■ **WORK REQUEST**: Restate word for word the material below, starting at the line that contains "Гео+, кадастровая компания" and stopping after the last line; skip pictures.

■ **DATASET CONTENT**:
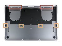 Use a P5 Pentalobe driver to remove six screws securing the lower case, of the following lengths:
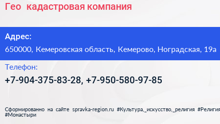 Гео+, кадастровая компания по адресу 650000, Кемеровская область, Кемерово, Ноградская, 19а в дальнейшем Организация, размещена в следующих категориях:
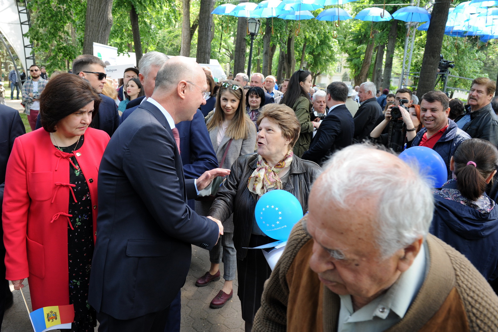 În cadrul evenimentului, premierul Pavel Filip și șeful Delegației UE la Chișinău, Peter Michalko, au vizitat corturile ambasadelor statelor membre ale Uniunii Europene și ale instituțiilor guvernamentale, unde au fost expuse informații despre proiectele europene implementate în țara noastră.

■ **EXERCISE RESPONSE**:
 Гео+, кадастровая компания по адресу 650000, Кемеровская область, Кемерово, Ноградская, 19а в дальнейшем Организация, размещена в следующих категориях:
 În cadrul evenimentului, premierul Pavel Filip și șeful Delegației UE la Chișinău, Peter Michalko, au vizitat corturile ambasadelor statelor membre ale Uniunii Europene și ale instituțiilor guvernamentale, unde au fost expuse informații despre proiectele europene implementate în țara noastră.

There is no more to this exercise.